How Not to Fix Your Car’s AC

When I bought my first car over ten years ago – a mid-90s Honda – the AC wasn’t so great. This really didn’t bother me as I was just excited to have a car, but as other stuff hit the fan and I started learning to work on the car, I eventually realized I could use one of those “AC recharge kits” you find at auto parts stores. I was nervous working with the little can under pressure, but it all worked out, and my AC was improved. Cool!

Years passed and the AC started petering out again, so what did I do? Got myself another recharge can and loaded it into the AC system. I was driving down I-25 in the summer, had the AC on, cruisin’, when suddenly I heard a massive THUNK and the car shook. Scared the hell out of me. What had just happened?

I eventually realized this thunk only happened when the AC was on. I did some research and bought an AC manifold gauge to check the low and high pressure on the system. It turned out that the high side was well over what it should have been. I had played the dumbass card and overcharged my AC system. The thunk was the security feature on the compressor forcefully shutting itself off to avoid internal damage.

And that, my friends, is why you never use “recharge” kits from auto parts stores!

(To be fair, since my system was leaking, the thunk went away, but mother nature has probably not forgiven me!)

The AC system is not something you simply “recharge” with a “kit”. It requires a specific amount of refrigerant to work properly, which is not something you can measure very precisely using cans sized to a particular standard. And just because your AC isn’t cooling very well, doesn’t mean it’s low on refrigerant. I’m no expert on this stuff, but when I studied up on it (a long time ago) I was kind of amazed at how much science went into the system. There’s only a few key components, but they aren’t necessarily easy to diagnose.

But “kits” sell. Who doesn’t want to save a little money and get their AC going nice and cold, eh? Eh?

I’ve always been nervous around those cans. Pressure just…I’ve never been a fan of pressure. I didn’t have impact tools for the longest time because I didn’t want to deal with an air compressor. Ten years passed and suddenly lithium-ion batteries powered most consumer impact tools, and then I was in the market for one! (Makes things so much easier!)
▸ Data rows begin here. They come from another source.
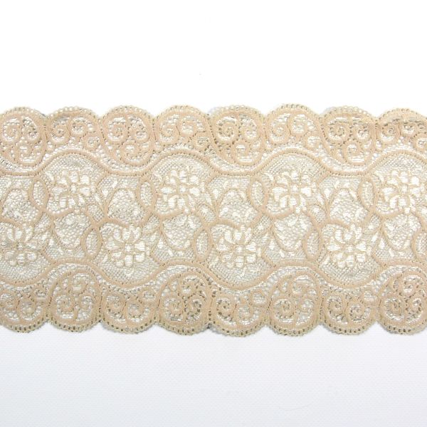 Pezsgő színű színű elasztikus csipke szegő. 14cm széles
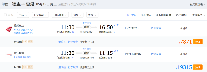 德里飞香港的航班,到了5月19日相对的低价,也要7871元,约合1215美元。
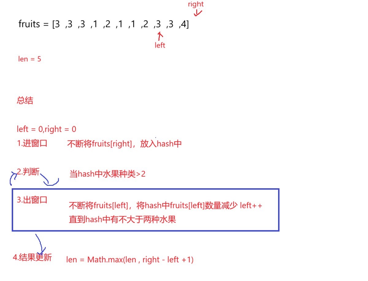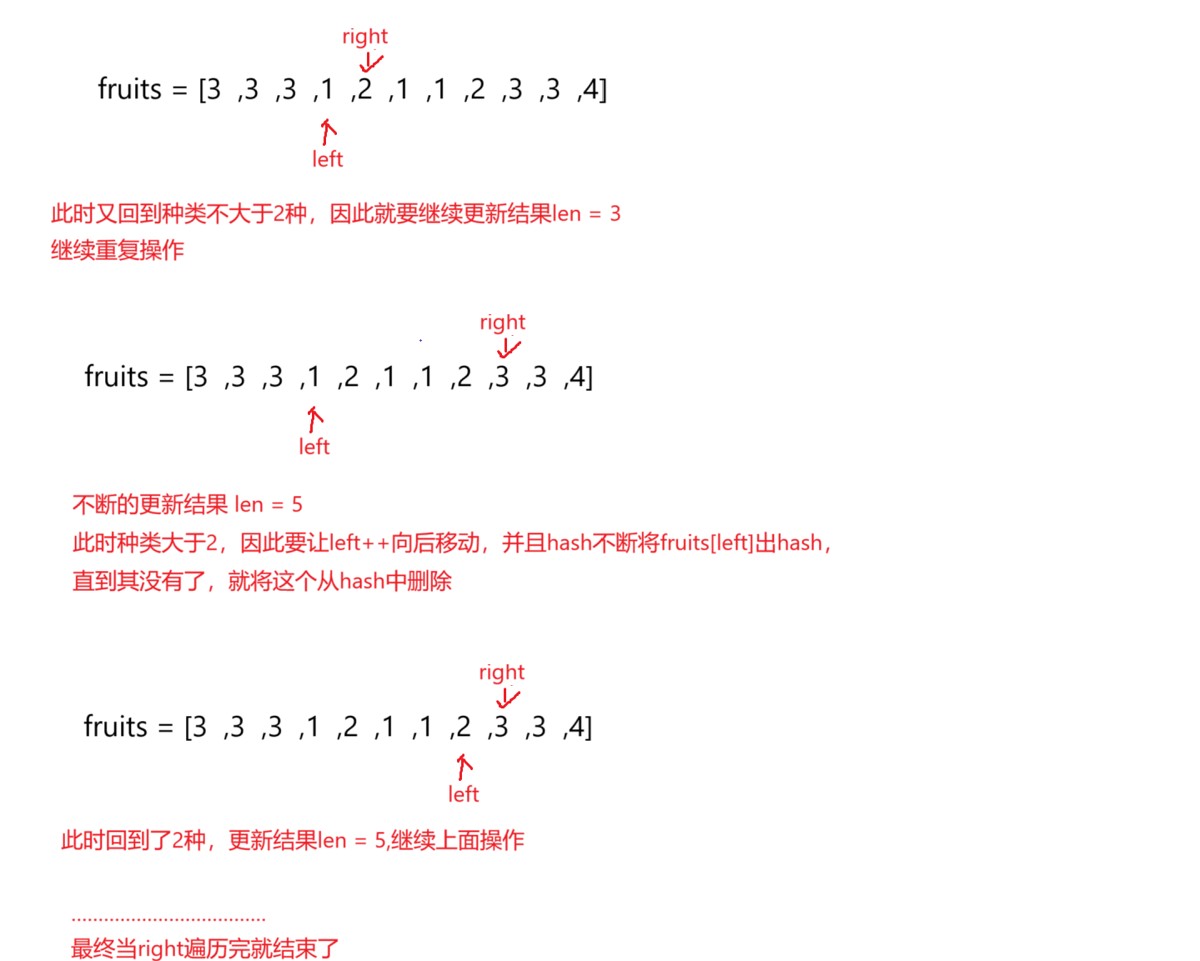 当种类>2的时候就要出窗口left下标对应的水果数量–,当其是0的时候说明其种类减少,将其从hash中删除,left++
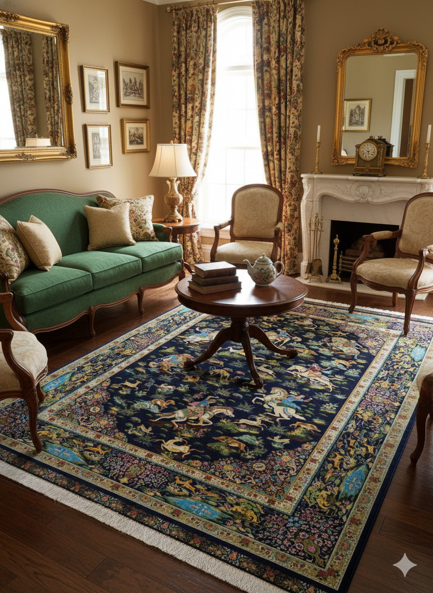 Step into a world of timeless elegance with our exquisite Persian-Inspired Hunting Scene Area Rug. This magnificent piece features a captivating navy blue field adorned with an intricate depiction of a traditional hunt, showcasing graceful riders, noble horses, and a variety of wild animals amidst lush flora. Each detail, from the vibrant multi-color palette to the ornate floral borders, is meticulously crafted, transforming this rug into a true work of art. Perfect for adding a touch of classic sophistication and a rich narrative to your living room, dining area, or study, this rug promises to be a cherished centerpiece for years to come.

I’ve had friends and family with AC issues, and I’ve wanted to help them, often jumping into DIY mode and wondering if a good old can of R134a would do the trick…until I remember all the crazy charts and remember how stupid I am when it comes to the AC system. A few years back, my dad’s car was dead empty (no pressure on the high side!), but he got the wrong can (the little die ones, for finding leaks), and I really didn’t know how to measure capacity and all that. Plus, that thing had been leaking for years. I’ve been guilty of this too, but why are humans so quick to pursue the cheap fix?

For all the DIY I do on my car, I feel the AC system is something I simply don’t want to mess with. It occurs to me that I could probably get rid of my AC manifold gauge and be none the worse off, since there’s really not much you can do with it anyway (I’m trying to find tools that I’m not going to regret getting rid of. It’s hard. So hard! First world problems…)

I do all sorts of crap on the suspension, but I really don’t care to touch that AC system. You’ve got to know your limits.